[Records drawn from a dataset]
━━━━━━━━━━

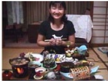
日付: 2000/09/07 花の湯ホテルにて

分県: 東根温泉 花の湯ホテル 湯の駅 湯郷市 (登録日: 2000/09/07 更新日: 2001/12/15)
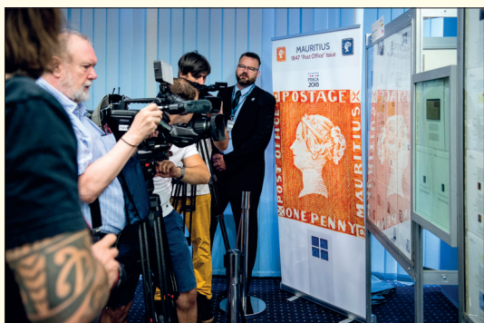
Největší zájem zástupci sdělovacích prostředků projevovali o první známky ostrova Mauritius.
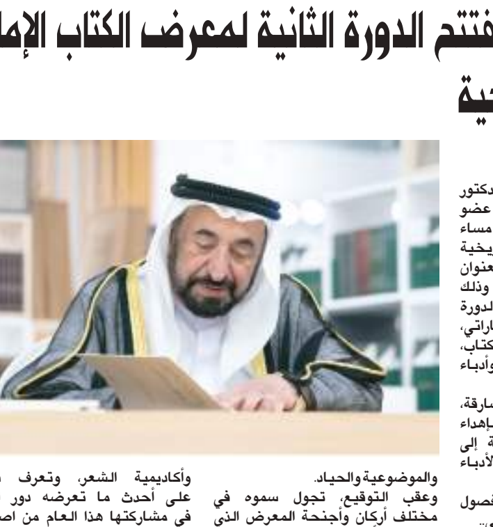
حاكم الشارقة خلال تفقده المعرض

ويعد سموه في هذا الكتاب التاريخي الجديد على سرد وقائع التاريخ وتناولها بالدرس والتحليل بغية اكتشاف ما تنطوي عليه من قيمة علمية وتاريخية، ومرتكزات قوية وخصائص فارقة، إذ تقوم على منهجي المقارنة والمقابلة بين الروايات التاريخية والأحداث، والاعتماد على الوثائق الصحيحة في إعادة بناء الحدث التاريخي وقرارة الماضي بعين فاحصة وقلم جاد ينشد الصدق
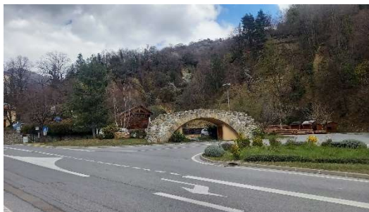
Site du TOURON - Photo du 03-04-2023
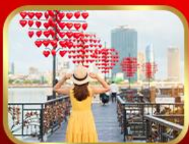
เช็กอินสะพานแห่งความรัก
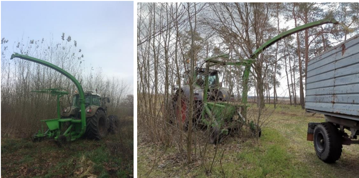
Abbildung 3: Mähacker MH 130 der Firma Kluge im Heckenbau

Die Verfügbarkeit der Technik in Deutschland ist sehr unterschiedlich und noch nicht flächendeckend. Auch Erntedienstleister selbst sind bisher nur regional verfügbar.
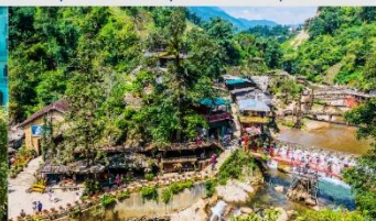
หมู่บ้านก๊ต ก๊ต
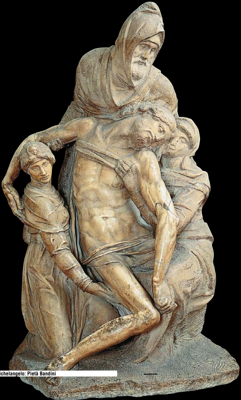
Michelangelo: Pietà Bandini
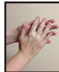
Fase 2: diffondere su entrambi i lati e tra le dita delle mani.
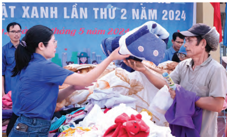
Tuổi trẻ toàn tỉnh đã thực hiện nhiều hoạt động ý nghĩa, thiết thực tại các xã vùng sâu, vùng xa, vùng đồng bào dân tộc thiểu số.

Đơn cử như Chiến dịch Kỳ nghỉ hồng, đây là hoạt động được tổ chức
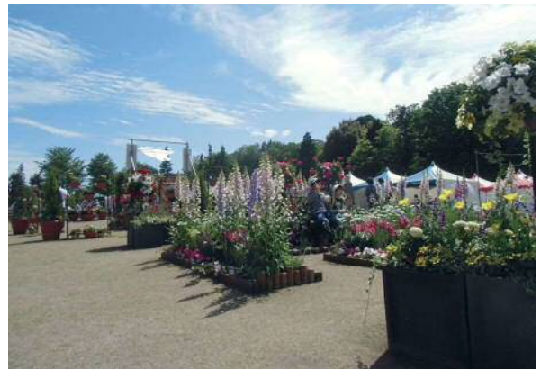
フォトスポットガーデン
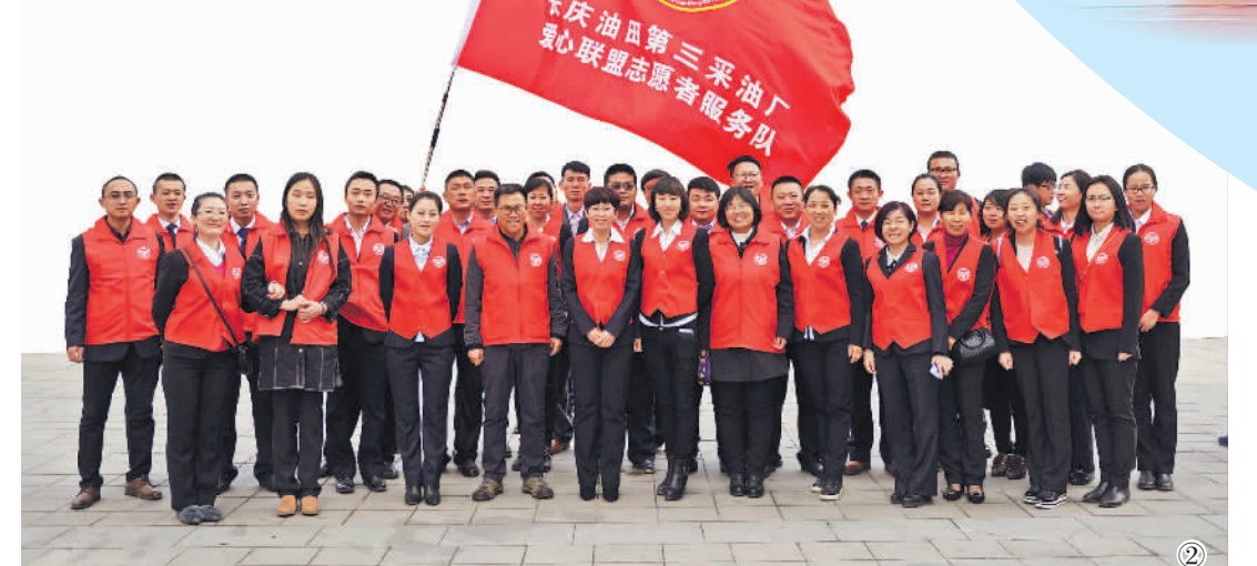
(文/张立文 张雅敏 路心 陈永宏 史慕珂)
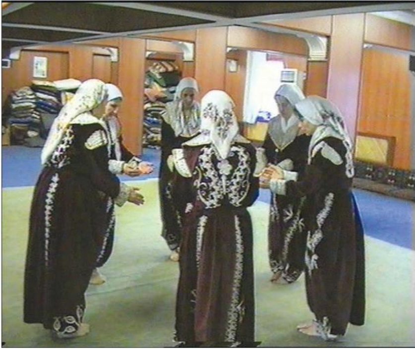
Fotoğraf 23: Eskişehir Seyitgazi Arslanbeyli Köyü, Dem Geldi Semahı Ağırlama
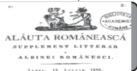
TABLE. 15. IULIE 1858.

ÎN PAGINA 11, SUPLIMENTUL LITERAR versuri de Paul Everac
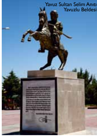
Yavuz Sultan Selim Anıtı Yavuzlu Beldesi
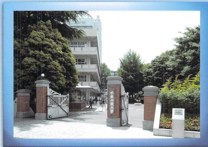
千葉工業大学通用門（国登録有形文化財）
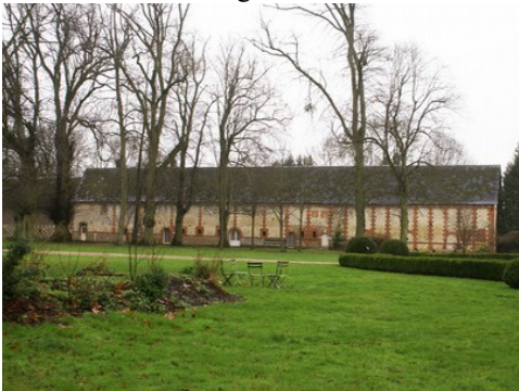
Les dépendances en bordure la cour plantée Pour la zone en rose foncé dans le périmètre de 500m
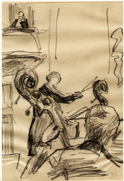
Obrázek 16 (v horní řadě) a 17 (v dolní řadě) – Paul Paray, studie obličejů a dirigentských gest Kresba tužkou, 1924 a Vincent d'Indy před orchestrem Kresba tužkou, Západočeská galerie v Plzni.
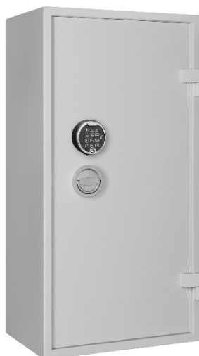
AS 1000 con serratura elettronica
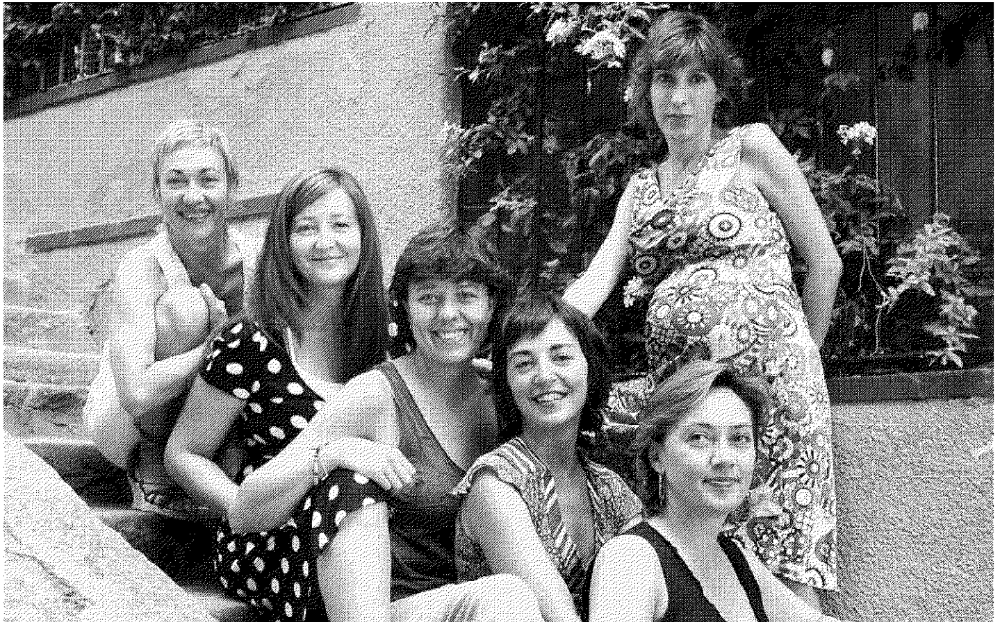
Les sis actrius que han format part de la companyia al llarg dels seus quinze anys d'existència.

presència · Del 10 al 16 de novembre del 2006
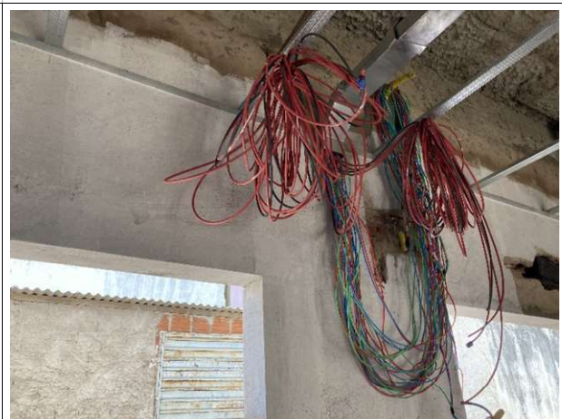
Fig. 20 – Execução de cabeamento
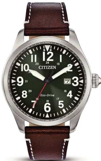
BM6838-09X $325.00 42 mm SS MC LTHR BKL - WR100
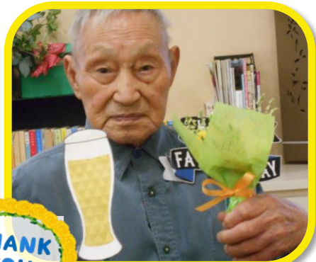
6月16日の父の日は、職員がお菓子にトッピングをしました♪
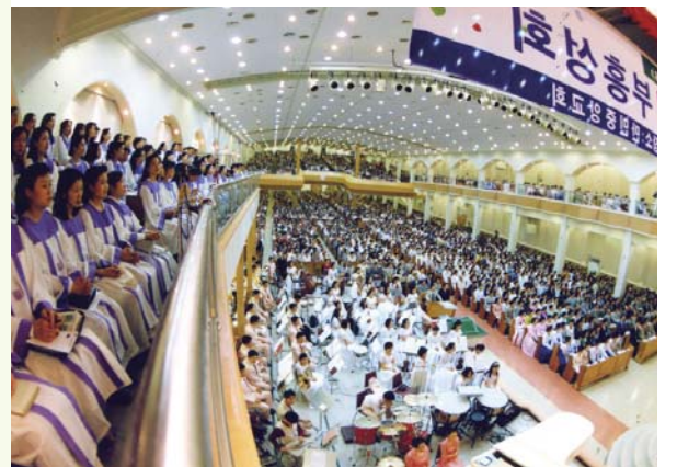
1999 제7회 이재록 목사 2주연속 특별 부흥성회 (5성전)

━━━━━━━━━━

Assigned task » The response should repeat every entry above exactly and include none of the pictures.

Exercise solution »
日付: 2000/09/07 花の湯ホテルにて

分県: 東根温泉 花の湯ホテル 湯の駅 湯郷市 (登録日: 2000/09/07 更新日: 2001/12/15)
Největší zájem zástupci sdělovacích prostředků projevovali o první známky ostrova Mauritius.
حاكم الشارقة خلال تفقده المعرض

ويعد سموه في هذا الكتاب التاريخي الجديد على سرد وقائع التاريخ وتناولها بالدرس والتحليل بغية اكتشاف ما تنطوي عليه من قيمة علمية وتاريخية، ومرتكزات قوية وخصائص فارقة، إذ تقوم على منهجي المقارنة والمقابلة بين الروايات التاريخية والأحداث، والاعتماد على الوثائق الصحيحة في إعادة بناء الحدث التاريخي وقرارة الماضي بعين فاحصة وقلم جاد ينشد الصدق
Site du TOURON - Photo du 03-04-2023
เช็กอินสะพานแห่งความรัก
Abbildung 3: Mähacker MH 130 der Firma Kluge im Heckenbau

Die Verfügbarkeit der Technik in Deutschland ist sehr unterschiedlich und noch nicht flächendeckend. Auch Erntedienstleister selbst sind bisher nur regional verfügbar.
หมู่บ้านก๊ต ก๊ต
Michelangelo: Pietà Bandini
Fase 2: diffondere su entrambi i lati e tra le dita delle mani.
Tuổi trẻ toàn tỉnh đã thực hiện nhiều hoạt động ý nghĩa, thiết thực tại các xã vùng sâu, vùng xa, vùng đồng bào dân tộc thiểu số.

Đơn cử như Chiến dịch Kỳ nghỉ hồng, đây là hoạt động được tổ chức
フォトスポットガーデン
(文/张立文 张雅敏 路心 陈永宏 史慕珂)
Fotoğraf 23: Eskişehir Seyitgazi Arslanbeyli Köyü, Dem Geldi Semahı Ağırlama
TABLE. 15. IULIE 1858.

ÎN PAGINA 11, SUPLIMENTUL LITERAR versuri de Paul Everac
Yavuz Sultan Selim Anıtı Yavuzlu Beldesi
千葉工業大学通用門（国登録有形文化財）
Les dépendances en bordure la cour plantée Pour la zone en rose foncé dans le périmètre de 500m
Obrázek 16 (v horní řadě) a 17 (v dolní řadě) – Paul Paray, studie obličejů a dirigentských gest Kresba tužkou, 1924 a Vincent d'Indy před orchestrem Kresba tužkou, Západočeská galerie v Plzni.
AS 1000 con serratura elettronica
Les sis actrius que han format part de la companyia al llarg dels seus quinze anys d'existència.

presència · Del 10 al 16 de novembre del 2006
Fig. 20 – Execução de cabeamento
BM6838-09X $325.00 42 mm SS MC LTHR BKL - WR100
6月16日の父の日は、職員がお菓子にトッピングをしました♪
1999 제7회 이재록 목사 2주연속 특별 부흥성회 (5성전)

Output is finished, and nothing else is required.